As anyone who has ever opened his heart and mind to a dog knows, these creatures have emotions very like our own. The usual arguments against this truth are, by their convoluted nature and by the hidebound materialism that informs them, revealed as sophistry or, worse, as the dogmatic insistence of science that is in fact scientism.
That night, on our return to the house on the hill, Trixie was declaring, This is where I belong, and was expressing her joy that at last she had a place in the world from which she would not be taken.

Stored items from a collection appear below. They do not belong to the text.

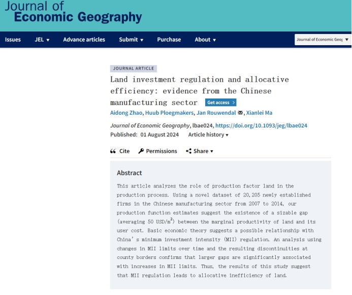 赵爱栋博士与荷兰阿姆斯特丹自由大学等学者的合作论文“Land investment regulation and allocative efficiency: Evidence from the Chinese manufacturing sector”被城市与区城经济学国际顶级期刊Journal of Economic Geography正式接受发表。成人色情
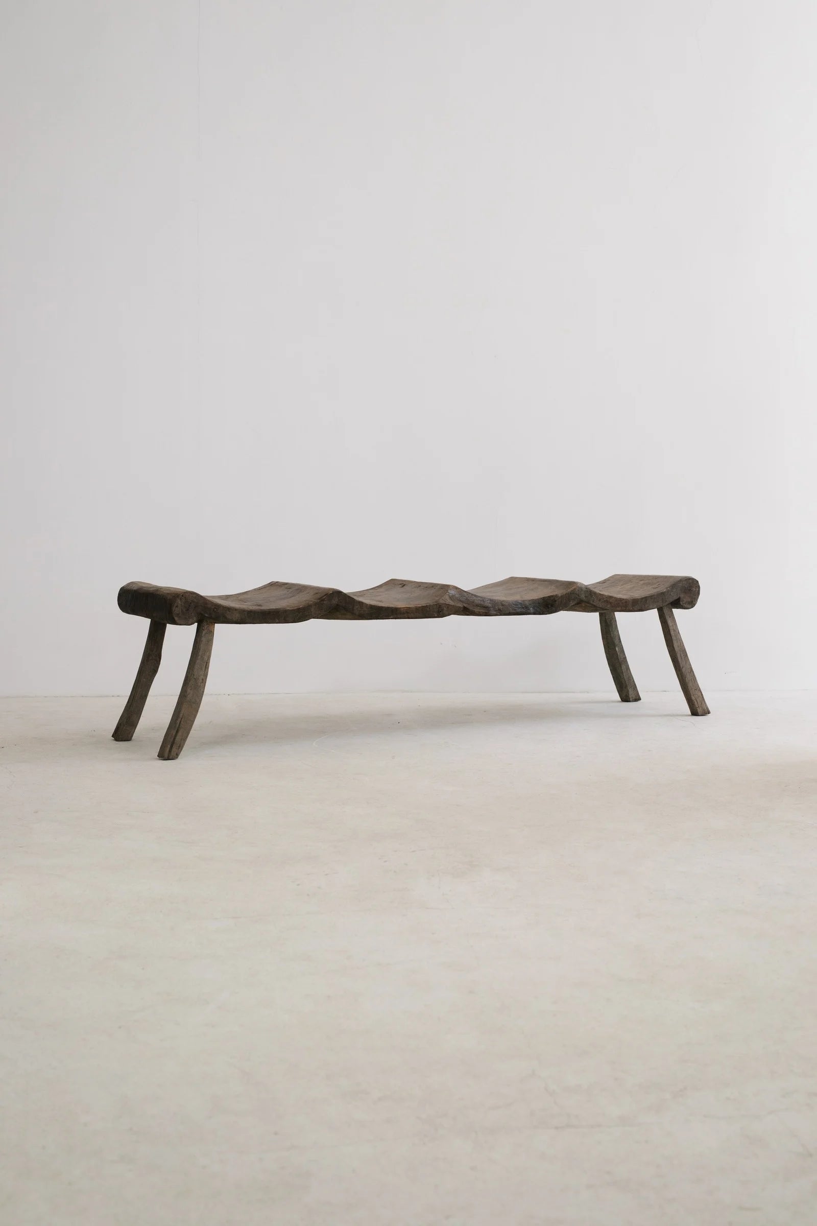 PRIMITIF BENCH TAPERED LEG CURVED SEAT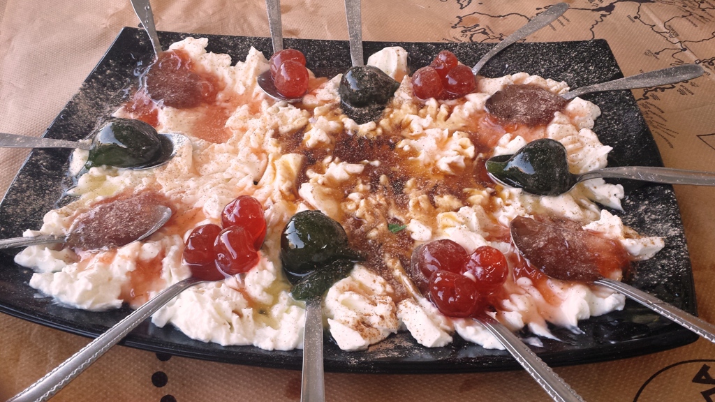 Και για το τέλος γιαουρτάκι με ποικιλία χιώτικων γλυκών του κουταλιού. Το απλούστερο και συγχρόνως τελειότερο φινάλε ενός τέτοιου γεύματος, που επίσης ήταν τέλειο μέσα στην απλότητά του.

Trixie’s sense of place in our family grew, as did her place in our hearts. Later, in a smaller but nonetheless lovely moment, she repeated this declaration in a much different fashion.
We had thrown a party at the beach house at which such a good time was had by all that the last guests did not leave until half past midnight and we did not finish the cleanup until almost two o’clock. We had not come prepared to stay the night and needed to return to the house on the hill.
No dog was ever more people-oriented than Trixie. I believe this was her nature, but her nature had been reinforced by CCI, which must train its assistance dogs to ignore other dogs when on duty with the person that it serves. She met only a few people that she didn’t like, and of course she was adored in return. At a party, she always circulated until she dropped.
She had barely enough energy to jump into the back of our SUV. Usually, she would have curled up in the cargo space and snoozed in transit.
Perhaps because we were again at the beach house but now on our way to the place that she considered home, she did not want to be separated from us. As I got behind the wheel and started the engine, Trixie scrambled out of the cargo area, into the backseat, across the console, and onto Gerda’s lap. Weighing sixty-two pounds at that time and given the appearance of greater bulk by her thick golden coat, she looked bigger than her mom. She curled up on Gerda, propped her chin on the curve of the door that might be called the windowsill, and sighed with contentment.
This is where I belong, the sigh clearly said, and it so touched Gerda that she would make no effort to dislodge her furry daughter. As we drove home, Trixie began to snore, her breath lightly steaming the side window, safe in loving arms.
Dogs might love a place, as people do, but the only place they love beyond all others is the place where you are. When we left the house on the hill, in Harbor Ridge, home would become wherever we took her.
Once the walls of our new house were framed and the windows set in place, Trixie padded room to room with tail continuously wagging. Visit after visit, her delight was obvious as she capered through the structure, as though she had developed a deep appreciation for the style of Frank Lloyd Wright, which inspired the project.
After months of watching her react with enthusiasm to the place, we suddenly realized what most appealed to her. Our Harbor Ridge house was Victorian, with French windows set well above her head. In the new house, windows in many rooms were instead five feet wide and extended ceiling to floor. When the view mattered, that entire wall of a room was one large-paned window beside another, expansive sweeps of wood-framed glass that brought the outer world into the house. In Harbor Ridge, she could glimpse the outside only through a few French doors. In the new place, she could see nature wherever she went, and this sent her spirit soaring.